YOUR ASSIGNMENT
Your output should be exactly the lines from the one containing "72716619 alte Postkarte" through the final line of the records, both included, with every picture left out.

(Data extracted from a collection)
┌────────

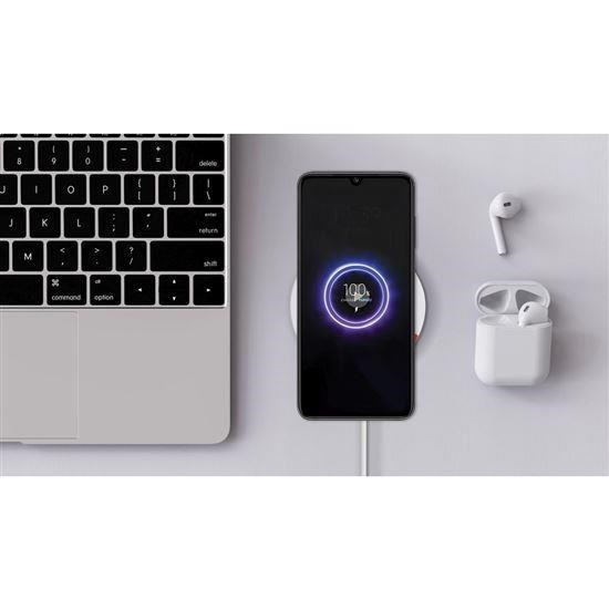 nabíjí bezdrátově i ostatní telefony a jinou elektroniku bez MagSafe, bez využití magnetického uchycení na podložku.
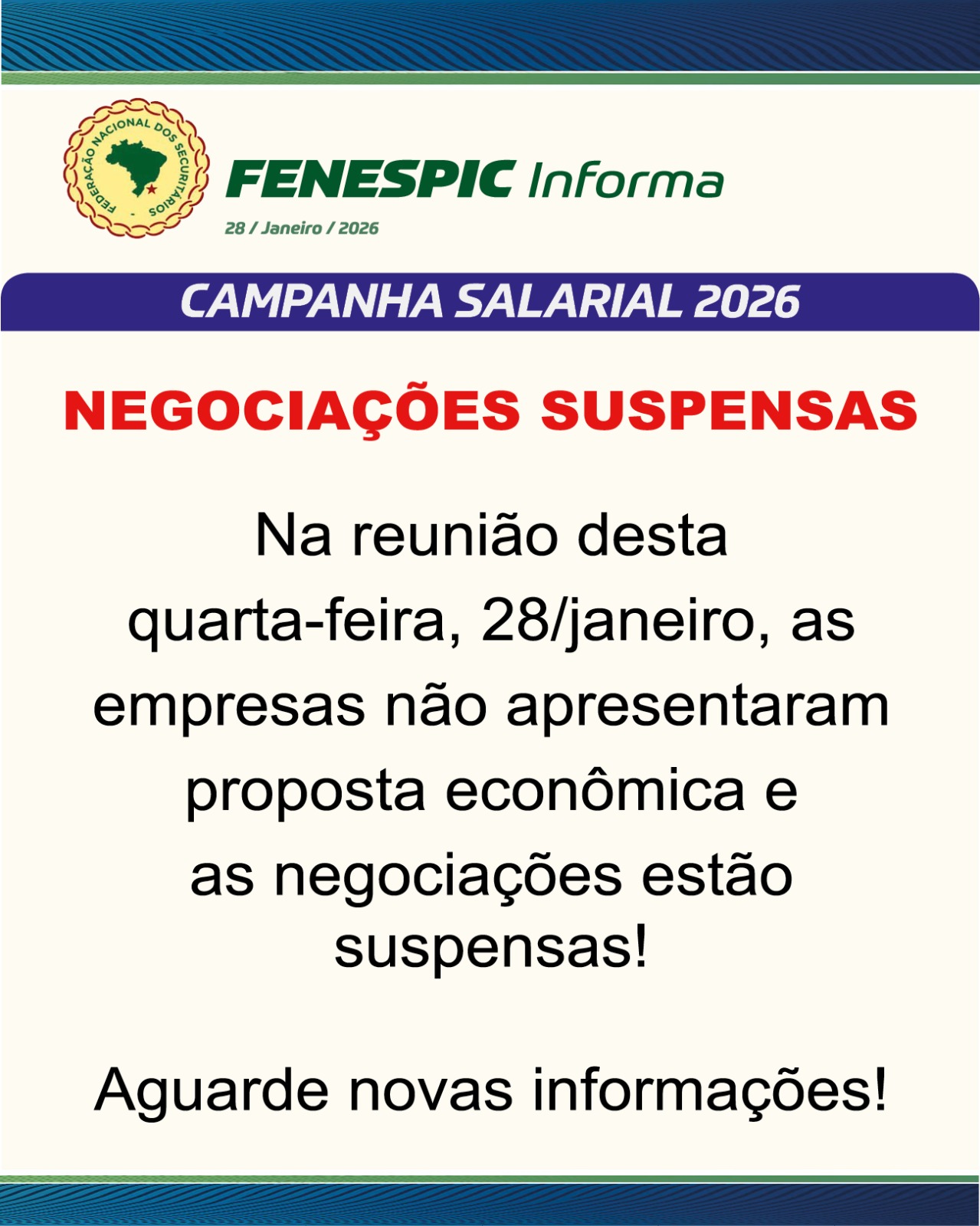 Diante desse cenário, e da ausência de elementos concretos para o debate, as negociações ficam suspensas até que o patronal apresente uma proposta que possibilite a continuidade das tratativas.
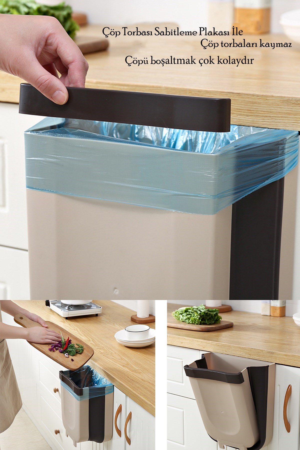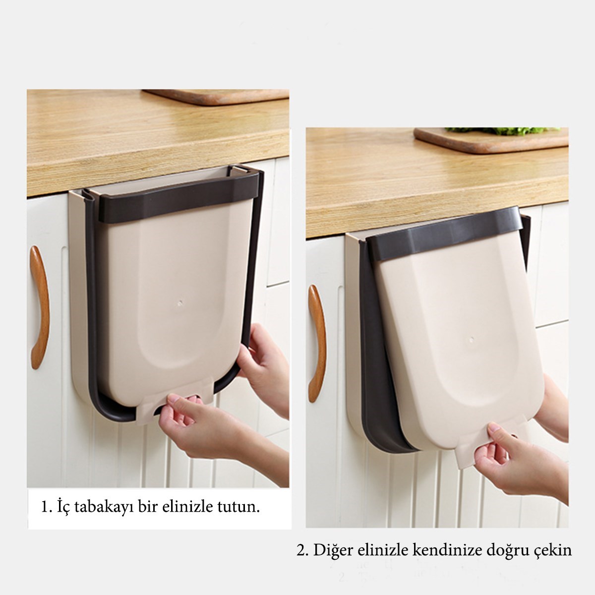 Mutfak Askılı Çöp Kovası Katlanabilir Raylı Çöp Kovası Plastik
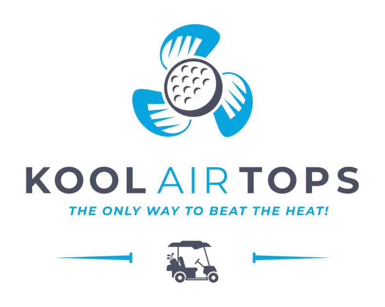Kool Air Tops are roof-mounted evaporative cooling systems designed specifically for golf carts. Each unit replaces or upgrades the cart’s existing roof and uses a built-in blower, water filter, and directional vents to push cooled air toward both passengers without producing mist. The system runs directly from the cart’s 12V batteries and is custom-fit to the exact make and model.
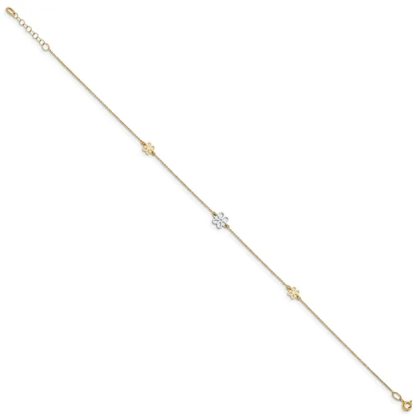 Leslie's 14K Two-tone Polished Flower with 1in ext. Anklet Image 4 Diamond Design Jewelers Somerset, KY
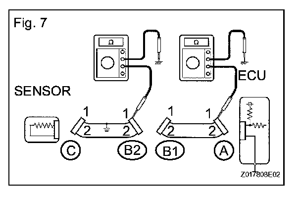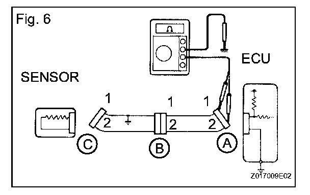 HINT: Measure the resistance while lightly shaking the wire harness vertically and horizontally. If your results match the examples above, a short circuit exists between terminal 1 of connector A and terminal 1 of connector C.
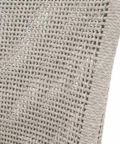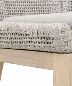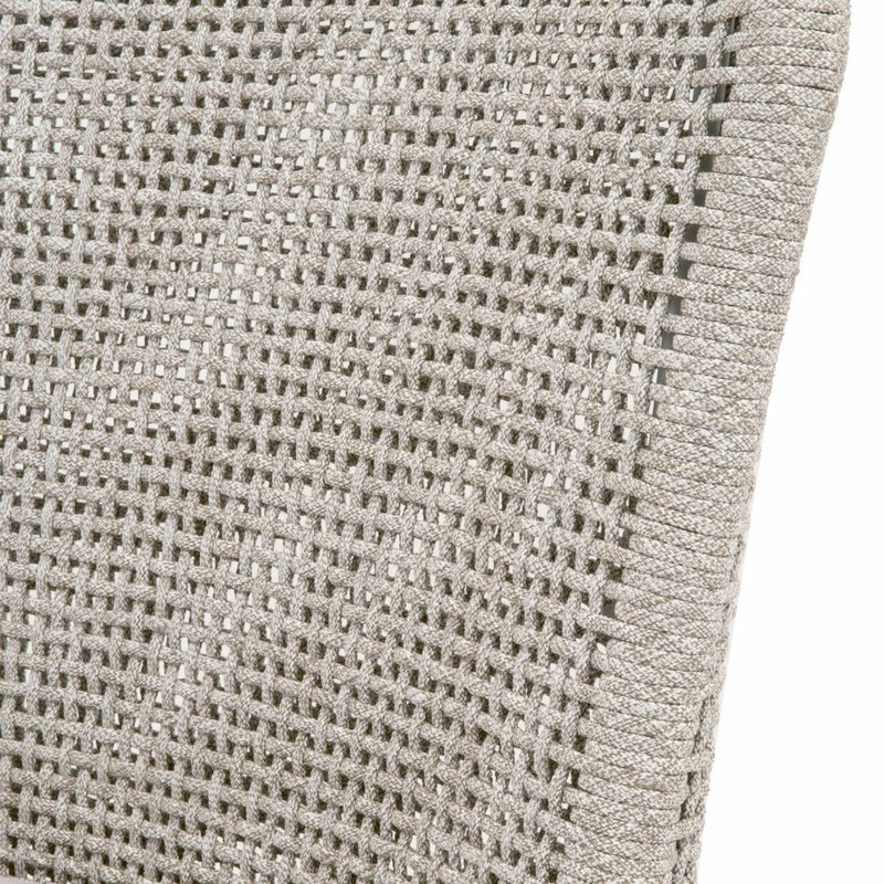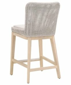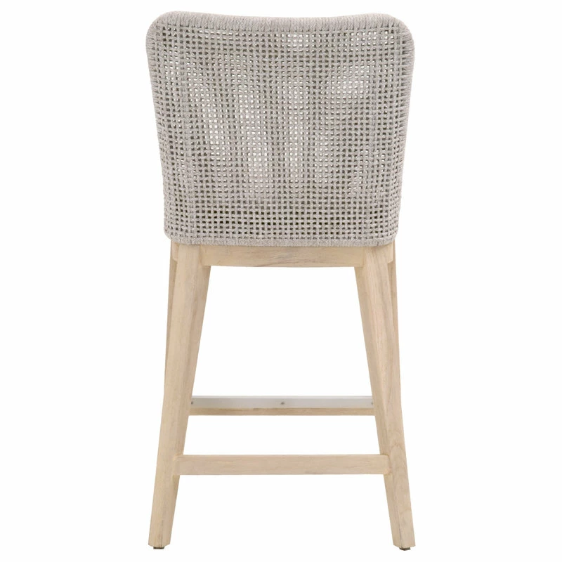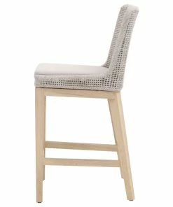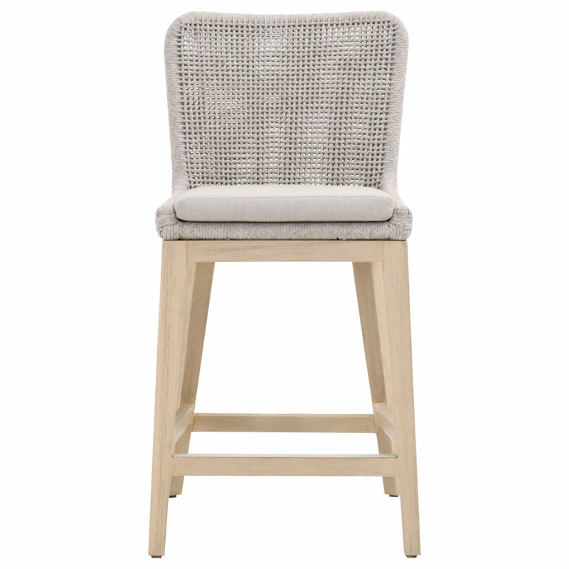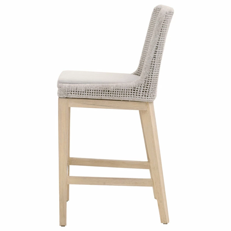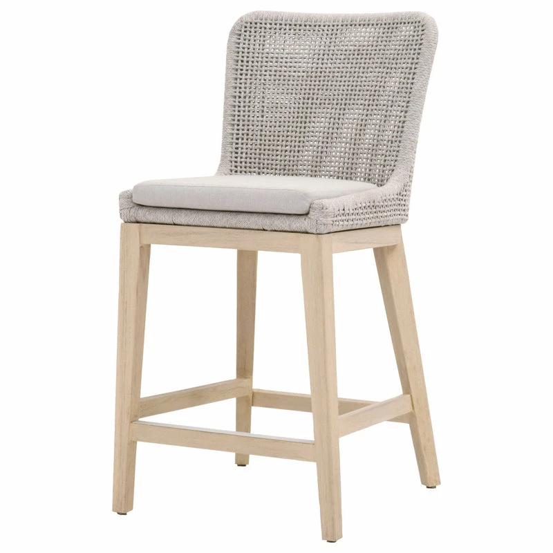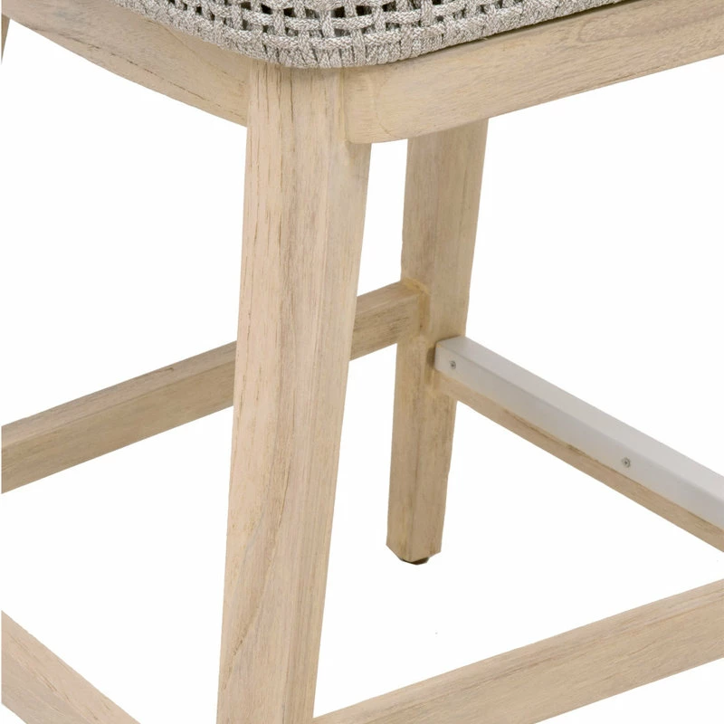 Mesh Outdoor Counter Stool Taupe & White Flat Rope, Gray Teak, Pumice Woven Collection “Gray Teak” is solid teak wood finished with a solution that expedites the aging process of teak to a natural silver tone. Over time, the natural weathering of Gray Teak will cause its appearance to change in color and texture, with possible marks and cracks. By ordering Gray Teak, you accept these characteristics and agree that no claim will be approved regarding the natural aging process of teak or the special color qualities associated with the Gray Teak finish. Special care should be taken to protect this natural finish. Mesh Outdoor Counter Stool Taupe & White Flat Rope, Gray Teak, Pumice Features:
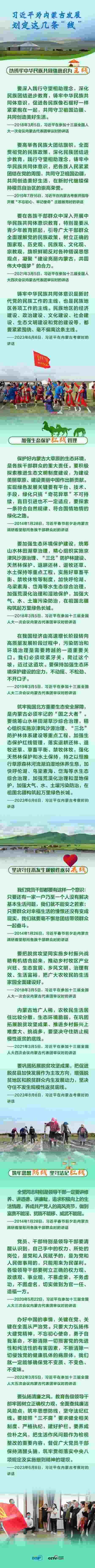 6月8日,習(xí)近平總書記聽取內(nèi)蒙古自治區(qū)黨委和政府工作匯報后發(fā)表講話,強(qiáng)調(diào)內(nèi)蒙古要“以鑄牢中華民族共同體意識為主線”,“加強(qiáng)生態(tài)保護(hù)紅線管理”,“堅決守住不發(fā)生規(guī)模性返貧底線”,“筑牢思想防線,堅守法紀(jì)紅線”。
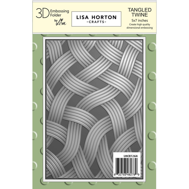 Add elegant texture to your projects with Lisa Horton Crafts 3D Embossing Folder Tangled Twine. This 5"x7" folder creates deep, dimensional impressions with a stunning Tangled Twine pattern's perfect for cards, journals, and mixed media. Works with most embossing machines.
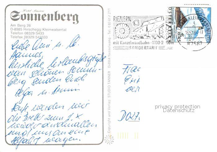72716619 alte Postkarte Hirschegg Kleinwalsertal Vorarlberg Hotel Pension Sonnenberg postalisch gelaufen Erhaltung siehe scans [LiesaD40] KatCode: 11390
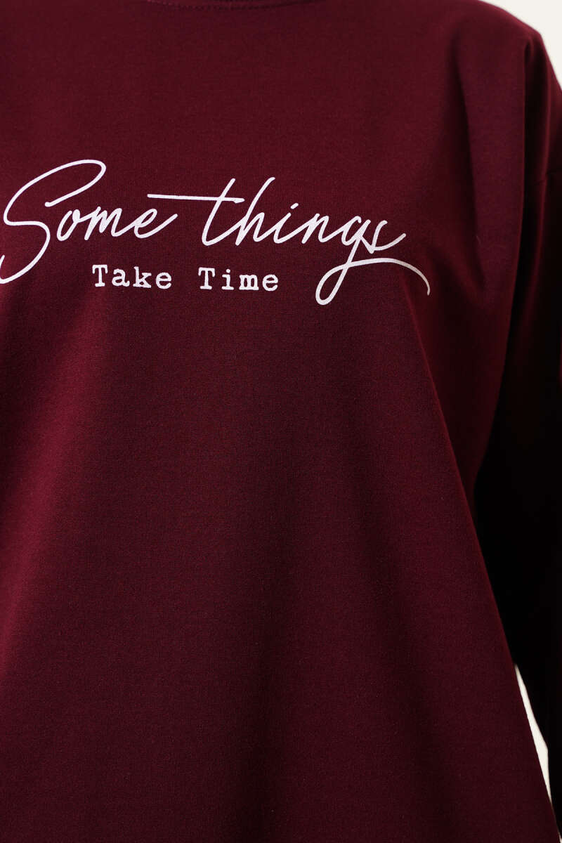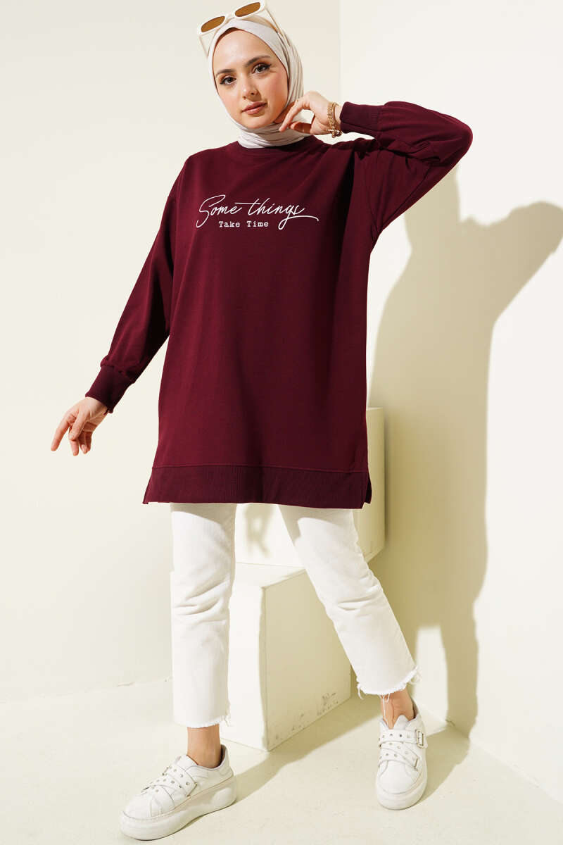 İp Bağlamalı Bisiklet Yaka Tunik Bordo

└────────

COMPLETED EXERCISE
72716619 alte Postkarte Hirschegg Kleinwalsertal Vorarlberg Hotel Pension Sonnenberg postalisch gelaufen Erhaltung siehe scans [LiesaD40] KatCode: 11390
 İp Bağlamalı Bisiklet Yaka Tunik Bordo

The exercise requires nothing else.